## Directions for this task
With the pictures removed, reproduce exactly the lines from the one that contains "PMTCT programme became" through the last line of the entries below.

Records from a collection
.....

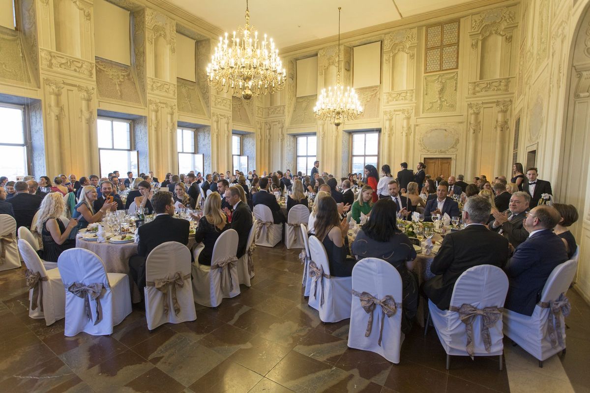 À la suite de la cérémonie de remise des Prix de la CCFT 2022, le Gala de la Chambre de commerce franco-tchèque a débuté dans l’Imperial hall du Palais Lobkowicz.
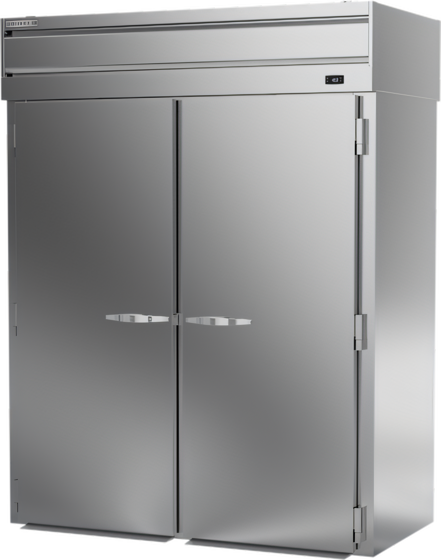 P-Series Freezer, Extra Tall, Roll-Thru, two-section, top mount self-contained refrigeration, 85.8 cu. ft. capacity, stainless exterior & interior, standard depth cabinet, (4) locking full height 22 gauge stainless steel doors, electronic temperature control/indicator, LED lighting, stainless steel exterior, stainless steel ramp, (2) 3/4 HP, cULus, UL EPH Classified, UL-Sanitation
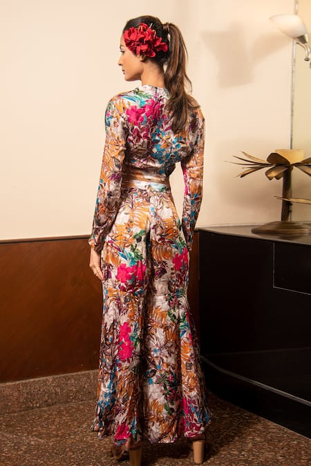 Ivory Satin Embroidery V-neck Printed Knotted Top And Pant Set
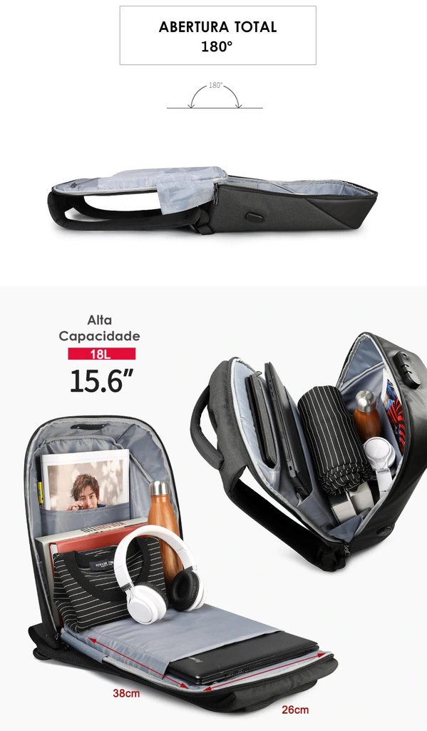 – Pode armazenar Lapto / Notebook de no máximo 15,6″, livros, carteira, tablet, telefone e etc;
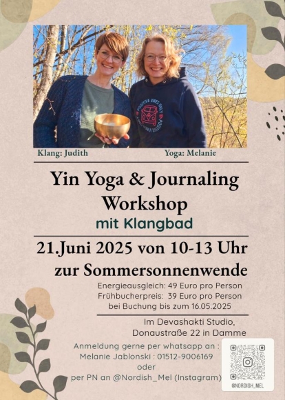 Am Samstag 21.Juni 2025 möchten wir Dich zu unserem Yin Yoga und Journaling Workshop mit Klangbad ins wunderschöne Devashakti Studio in Damme einladen.
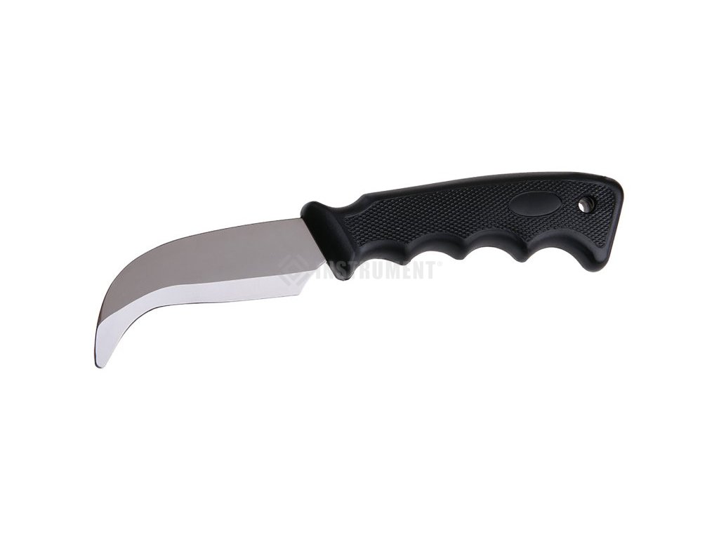 Nôž so zahnutým ostrím, určené na rezanie podlahových a strešných krytín, izoláciou atď, ostrie zalončeno zaoblenou tupou špičkou, plastová ergonomická rukoväť, blister.
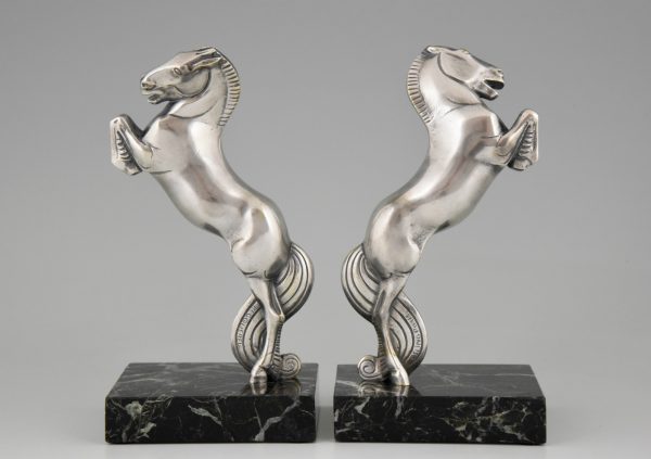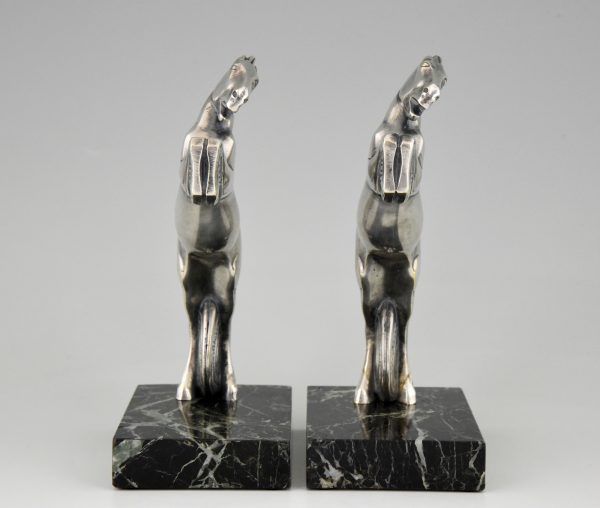 A very nice pair of Art Deco silvered bronze horse bookends by the French artist André Vincent Becquerel,
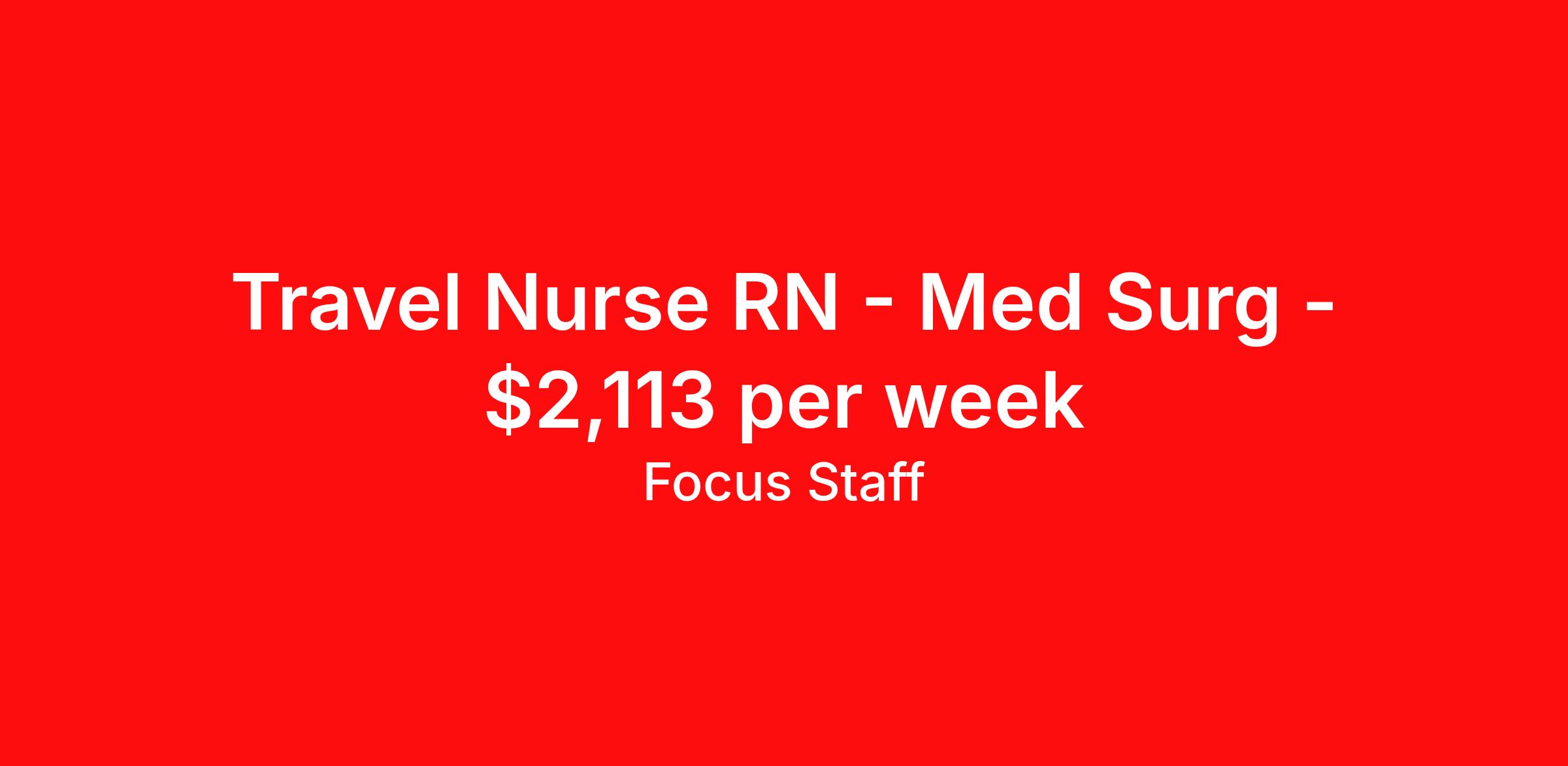Travel Nurse RN - Med Surg - $2,113 per week
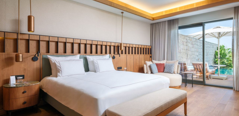 60-70 м2 (включая террасу), 1 большая двуспальная кровать + диван или 2 полутораспальные кровати + кресло. На просторной террасе, выходящей к бассейну с подогревом, есть 2 шезлонга и стол со стульями. Количество гостей: 2+1/3Номер Deluxe Swim-Up / Морская сторона(2 чел) (Зона для взрослых 16+)
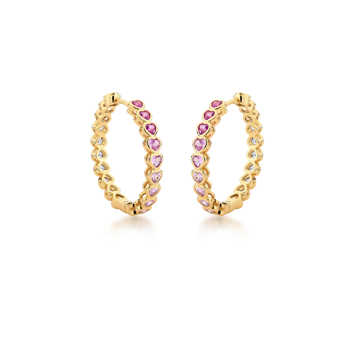 ARGOLA DOURADA MÉDIA E DETALHES DE CORAÇÃO CRAVEJADO COM ZIRCÔNIAS COLORIDAS
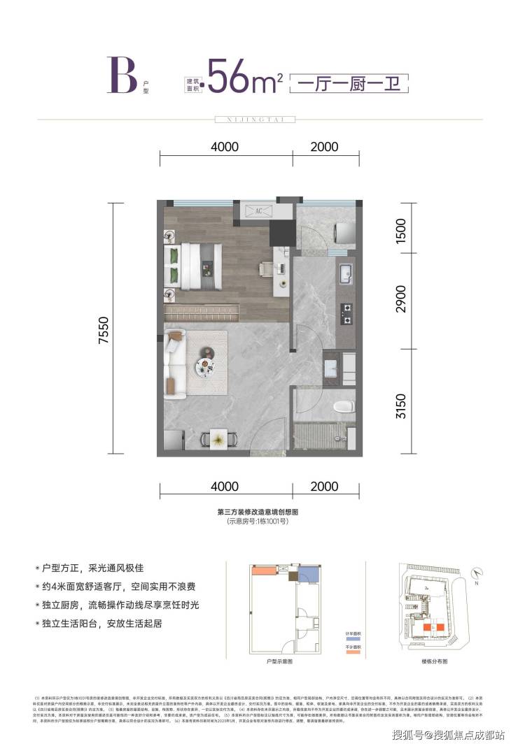 B户型:56㎡|一厅一厨一卫
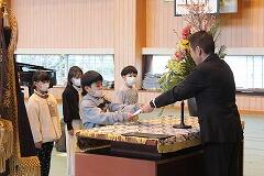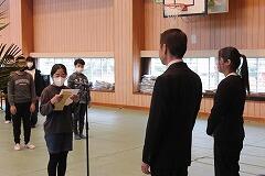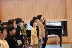 前回に引き続き、壇上で6年生が将来の抱負を発表する様子をお知らせします。また、別れの言葉が卒業式では行われますが、全校で一緒に歌う『旅立ちの日に』は、13日にも練習をしましたので、二部合唱の完成度が大変よくなっています。今回の予行練習では、感染症等の心配が予想されたので、6年生以外はマスクの着用をお願いし、換気もしながらの予行練習でした。6年生とともにつくり上げる最後の歌、そして別れの言葉です。卒業式が楽しみになってきました。
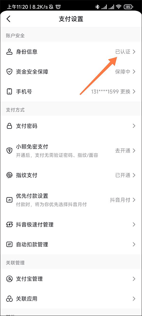2、在账户安全中找到身份信息,点击进入就可以进行实名认证了。
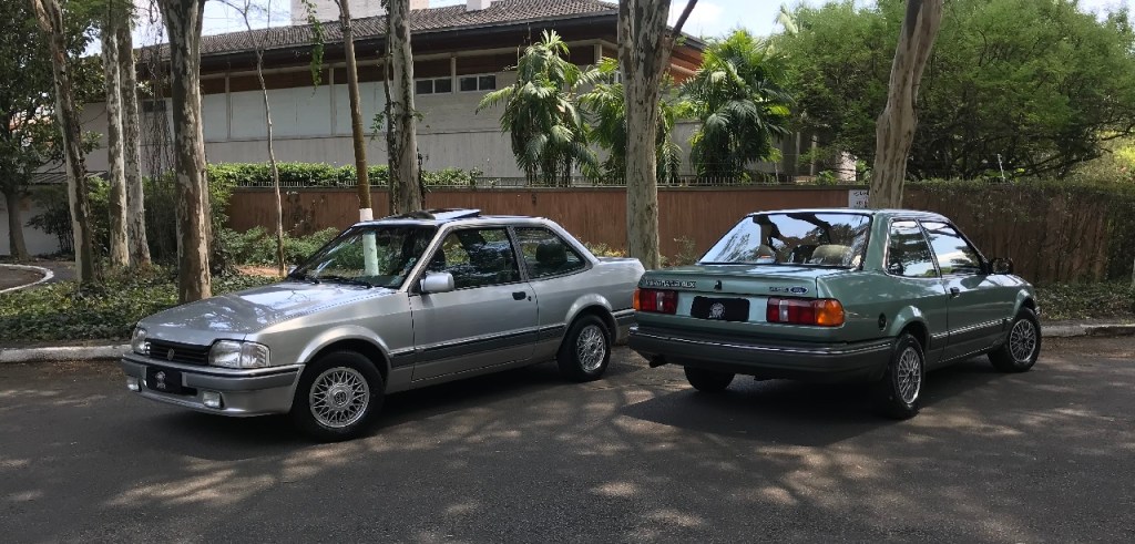 Do lado de fora mais discrição. Essa versão traz as rodas de 13 polegadas. Além disso vale reparar na tonalidade da carroceria, muito elegante, com destaque para os para-choques na cor marrom, algo bastante singular e que chama a atenção. Rodando ambos têm comportamentos distintos, apesar de serem equipados com o mesmo motor de 1,8 litro. O Ford é mais voltado para o conforto, enquanto o Volkswagen traz câmbio com relações mais curtas e um desempenho mais esportivo. Nos vemos na próxima semana em mais um comparativo de época. Até mais!
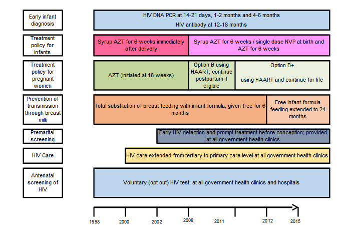 PMTCT programme became the country’s key program where screening among antenatal mother was implemented country wide in 1998. Aiming at preventing vertical transmission, all HIV positive mothers were given free ARV and HIV-exposed infants given ARV prophylaxis. To further interrupt vertical transmission, HIV-exposed infants were also given free replacement feeding up to 2 years of age. Beginning 2011 the government adopted treatment option B+ for HIV infected mothers. The timeline of PMTCT implementation is depicted in the figure below.
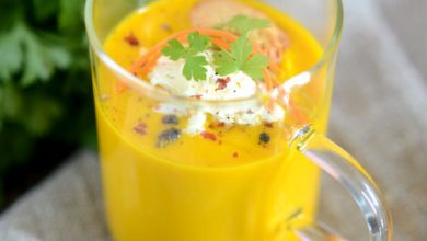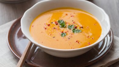Soupe carottes & orange au cumin, feuilletés au sésame & cumin, baies roses

.....

## Response to this task
 PMTCT programme became the country’s key program where screening among antenatal mother was implemented country wide in 1998. Aiming at preventing vertical transmission, all HIV positive mothers were given free ARV and HIV-exposed infants given ARV prophylaxis. To further interrupt vertical transmission, HIV-exposed infants were also given free replacement feeding up to 2 years of age. Beginning 2011 the government adopted treatment option B+ for HIV infected mothers. The timeline of PMTCT implementation is depicted in the figure below.
Soupe carottes & orange au cumin, feuilletés au sésame & cumin, baies roses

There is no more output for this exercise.